Nick Ashton-Hart nashton at ccianet.org
Tue Jan 14 08:07:00 UTC 2014


Dear 1Net collaborators,

I've seen several emails recently with mistakes of fact about what is and is not a 'US company' with respect to the NSA's reach, as well as the idea that simply because data flows through the US or any other country that users' data is more, or less, susceptible to national security laws.

Simply put:

1) The way US law works, any company - regardless of where it is based or operates - is subject to the US' laws on national security once it has "legal nexus" with the US - which can be created by all kinds of events, but to be simple, even one person employed there in any subsidiary - even one that isn't wholly owned - is good enough. This means that a large number of international countries that are headquartered in pretty much every country are just as subject to US law as is a US-headquartered company.

2) With respect to access to data just because it flows through the US (or the UK, or France, or anywhere else): Just because data happens to transit a country does not make it more, or less, accessible to their security services. What does is really much more tied up in the above point: what service is the data a part of and what jurisdictions is that service subject to (at a legal level) and at a practical level, is the data encrypted or otherwise protected from being hoovered up from the wire and easily combined back into whatever it was before being packetized.

3) In the case of the NSA and GCHQ and many other countries, their security services have either a) listening posts in their embassies and consulates worldwide to allow them to intercept data they are interested without the host country knowing what they are up to or b) legal agreements to share data with other countries.

We have a real issue here - but it isn't fundamentally what US companies do or don't do or what the NSA does or doesn't get to do after Obama and the US Congress do whatever they are going to do about it' spectacular and abusive (in my opinion) overreach.

We have to look at the global picture which is fundamentally a question of what states agree to do with data between themselves, and what legal jurisdiction issues are presented by countries' existing practices of extending their laws to non-nationals and acts which don't relate to their territory.
 
To be more specific, can we imagine an MLAT system where countries agree to a set of principles ("Necessary and Proportionate" have been recommended on the ISOC Internet policy list) governing the exchange of information between each other for various purposes which would recognise human rights, be more transparent - and in the case of legitimate law enforcement access, provide more effective use of information? For example, the MLAT between Brazil and the USA is apparently basically unusable by either country due to the way it is architected. This is not the only one, but it is a good example.

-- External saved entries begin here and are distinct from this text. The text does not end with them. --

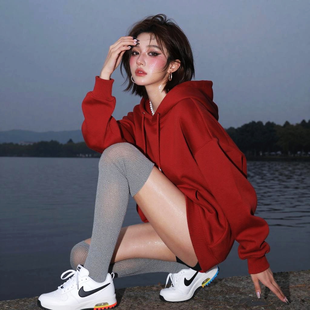 (8k, best quality, masterpiece, ultra highres:1.2), 1 girl, (red hoodie), (oversized_hoodie:1.1), hotsquat, beautiful 22 year old woman named Oki posing for full body photoshoot, grey thigh high socks, white nike kick shoes, colored tips, The Side Shave, dramatic eyeliner, satin lipstick, nail polish, semi-hoop earrings, pearl necklace, near lake, dusk, intricately detailed face and eyes, cute face, blush, glistening sweaty skin, dynamic pose, official art, extremely detailed CG unity 8k wallpaper, ultra high res, professional photography, sharp focus, HDR, 8K resolution, intricate detail, sophisticated detail, depth of field, analogue RAW DSLR, photorealistic
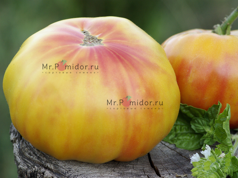 Семейная реликвия из штата Кентукки, США. Индет. Высокорослый, среднего срока созревания, крупноплодный. Сорт устойчив к большинству заболеваний томатов. Плоды плоскокруглые, медово-жёлтого цвета с розовыми разводами. Масса 300-500 г и более. Томаты великолепного вида, сбалансированного вкуса и консистенции. Один из лучших биколоров.
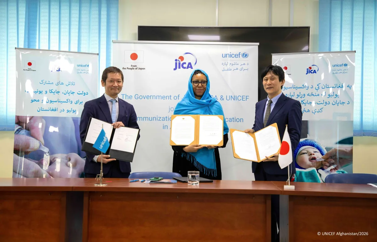 日本は20年以上にわたって、アフガニスタンのUNICEFの主なパートナーとして、予防接種事業に貢献してきました。この支援を通じて、アフガニスタンの子どもたちは予防可能な病気から守られ、成長するチャンスを与えられています。UNICEFは、今後も継続的に支援が続くことに感謝の意を表しています。
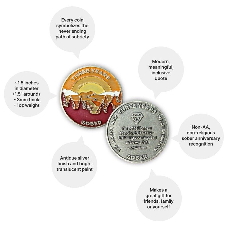 The "3 Years Sober" sobriety medallion is more than just a chip; it’s a companion on your journey, a tangible token of triumph over trials, and a daily reminder that the path ahead is not just going to be easy—but absolutely worth it.
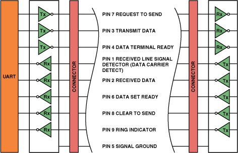 RS-232規(guī)范定義了具有20條信號線的25針D型連接器的引腳排列,但更常見的是具有8條信號線的9針連接器,如圖5所示。每個方向使用一條線進行數(shù)據(jù)傳輸;其余線路指定用于通信協(xié)議。最簡單的說,RS-232只需三條線即可實現(xiàn):Tx(發(fā)送數(shù)據(jù)),Rx(接收數(shù)據(jù))和GND(地)。25針連接器中定義了用于設(shè)備安全的保護性接地。此線通常連接到電源接地或機箱接地,不應(yīng)連接到信號接地或系統(tǒng)之間。
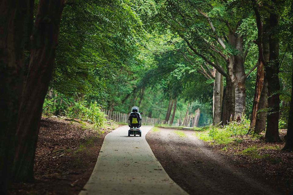 The landscape of the Veluwe consists largely of sandy soil and heathland. For this reason, the municipality of Ede has constructed a number of paved paths for wheelchair users and scooters.

We can all bang on about what the US and other countries are doing, and what companies are doing or not doing or should do - or we can get to the root of the problem and try to fix the underlying architecture.

You can riposte saying "But this isn't an Internet problem!" - and it fundamentally isn't, but the Internet is being abused and harmed as are users because of the problem so while we need to point out to policymakers that the above statement is true, we also should address the underlying problem to help deal with our issue.

IMHO.
-- 
Sent from my Android phone with K-9 Mail. Please excuse my brevity.